The LatentInterpolate node is designed to perform interpolation between two sets of latent samples based on a specified ratio, blending the characteristics of both sets to produce a new, intermediate set of latent samples.

Input types

Required

• samples1
  • The first set of latent samples to be interpolated. It serves as the starting point for the interpolation process.
  • Comfy dtype: LATENT
  • Python dtype: Dict[str, torch.Tensor]
• samples2
  • The second set of latent samples to be interpolated. It serves as the endpoint for the interpolation process.
  • Comfy dtype: LATENT
  • Python dtype: Dict[str, torch.Tensor]
• ratio
  • A floating-point value that determines the weight of each set of samples in the interpolated output. A ratio of 0 produces a copy of the first set, while a ratio of 1 produces a copy of the second set.
  • Comfy dtype: FLOAT
  • Python dtype: float

Output types

• latent
  • Comfy dtype: LATENT
  • The output is a new set of latent samples that represent an interpolated state between the two input sets, based on the specified ratio.
  • Python dtype: Tuple[Dict[str, torch.Tensor]]

Usage tips

• Infra type: GPU
• Common nodes:
  • KSampler (Efficient)
  • Latent Noise Injection

Source code

class LatentInterpolate:
    @classmethod
    def INPUT_TYPES(s):
        return {"required": { "samples1": ("LATENT",),
                              "samples2": ("LATENT",),
                              "ratio": ("FLOAT", {"default": 1.0, "min": 0.0, "max": 1.0, "step": 0.01}),
                              }}

    RETURN_TYPES = ("LATENT",)
    FUNCTION = "op"

    CATEGORY = "latent/advanced"

    def op(self, samples1, samples2, ratio):
        samples_out = samples1.copy()

        s1 = samples1["samples"]
        s2 = samples2["samples"]

        s2 = reshape_latent_to(s1.shape, s2)

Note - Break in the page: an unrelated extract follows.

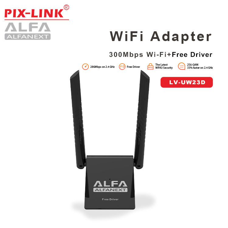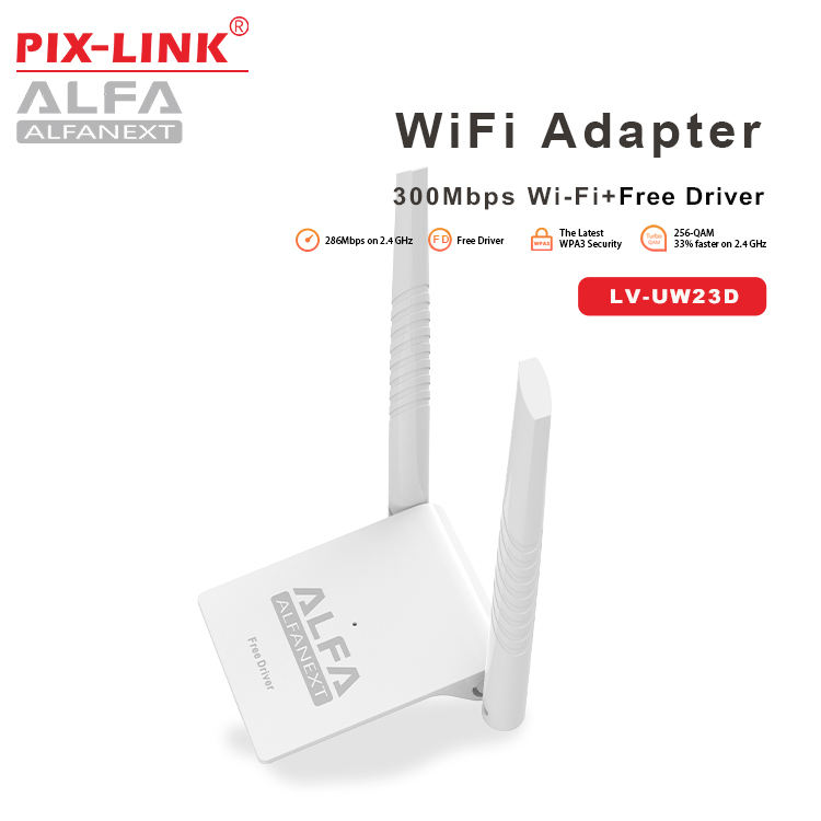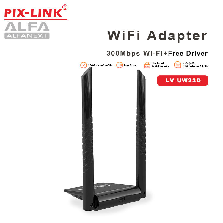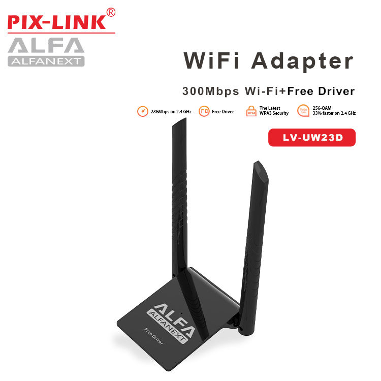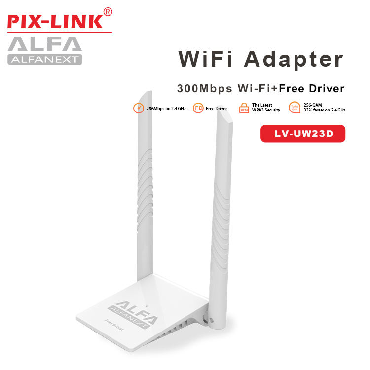 PIX-LINK ALFA NEXT Tarjeta de Red Inalámbrica de Alta Potencia de 300 Mbps con Controlador Gratuito, Adaptador Wifi USB con 2 Antenas Externas para PC

        m1 = torch.linalg.vector_norm(s1, dim=(1))
        m2 = torch.linalg.vector_norm(s2, dim=(1))

        s1 = torch.nan_to_num(s1 / m1)
        s2 = torch.nan_to_num(s2 / m2)

        t = (s1 * ratio + s2 * (1.0 - ratio))
        mt = torch.linalg.vector_norm(t, dim=(1))
        st = torch.nan_to_num(t / mt)

        samples_out["samples"] = st * (m1 * ratio + m2 * (1.0 - ratio))
        return (samples_out,)